男らしさが何よりの自慢だった自分の肉体が、徐々に女になっていく!ボクシング世界王者の芹沢哲が衝撃の事実に気づいたのは、タイトル防衛戦の最中だった。その奇病のために哲はボクサーの栄光と、人間としての尊厳を奪われた。夫が女に変わるという衝撃の展開には妻も苦悩するが、医師の診断は無情にも治療不能!究極の孤独と恐怖の末に、元チャンピオンが選択した切なくも哀しい人生の結末が胸を打つ。

(「BOOK」データベースより)

 

 上記のあらすじだけでは「これホラー?」となるが、読み終えても同じ感想なので大丈夫です。主人公は傍若無人、男尊女卑、傲岸不遜の絵に描いたようなマッチョイズムの化身であり連勝中のボクシングチャンピオン。試合の前にふと自分の乳首と乳暈が肥大化していることに気づき、触ってみたところ大量の母乳を噴き出してしまう。混乱するまま試合に向かうものの、相手のパンチを胸に受けたとたんまたもや母乳が噴出、そのままテレビに放映されてしまったため試合放棄、引退という流れに。すさまじい勢いで女体化が進む元チャンプに対し、家族やセコンドたちもかける言葉が見つからず…。

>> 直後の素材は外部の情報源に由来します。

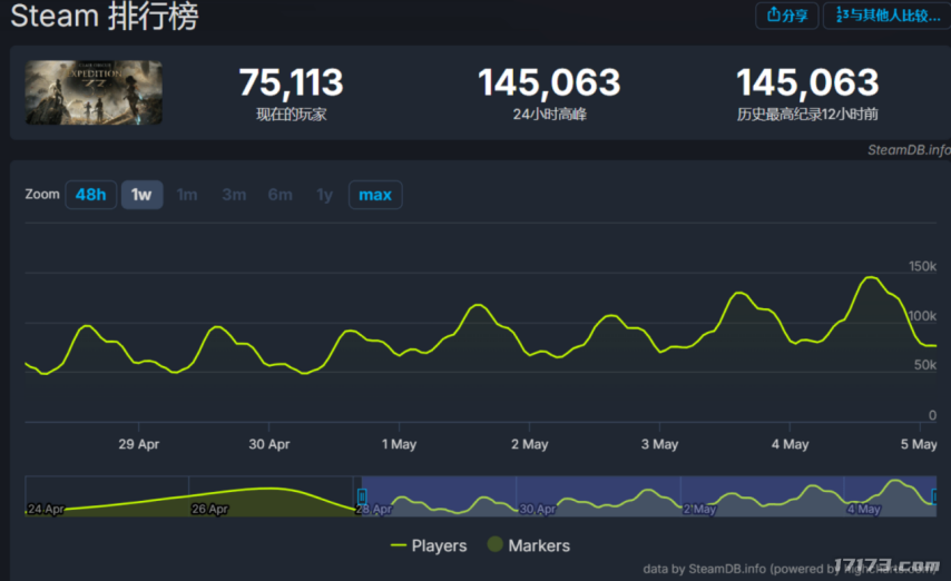是的,正如大家所见,这款于4月24日发售的JRPG作品,在五一期间的同时在线人数再次创下新高,从之前的12万 跃升至14万 ,现已杀入Steam平台回合制游戏在线峰值排行榜的前三名,仅次于《博德之门3》和《勇士之地》。

 何を読まされているんだという気になるが、中身はそれほどキワモノではなく、前半はボクシング小説として普通に楽しめる。望まない姿に変貌してしまった人間が辿る悲劇的な運命…と考えれば、確かにある種のホラーでなければ書けない題材かもしれぬ。カテゴライズ不能の変な作品には間違いない。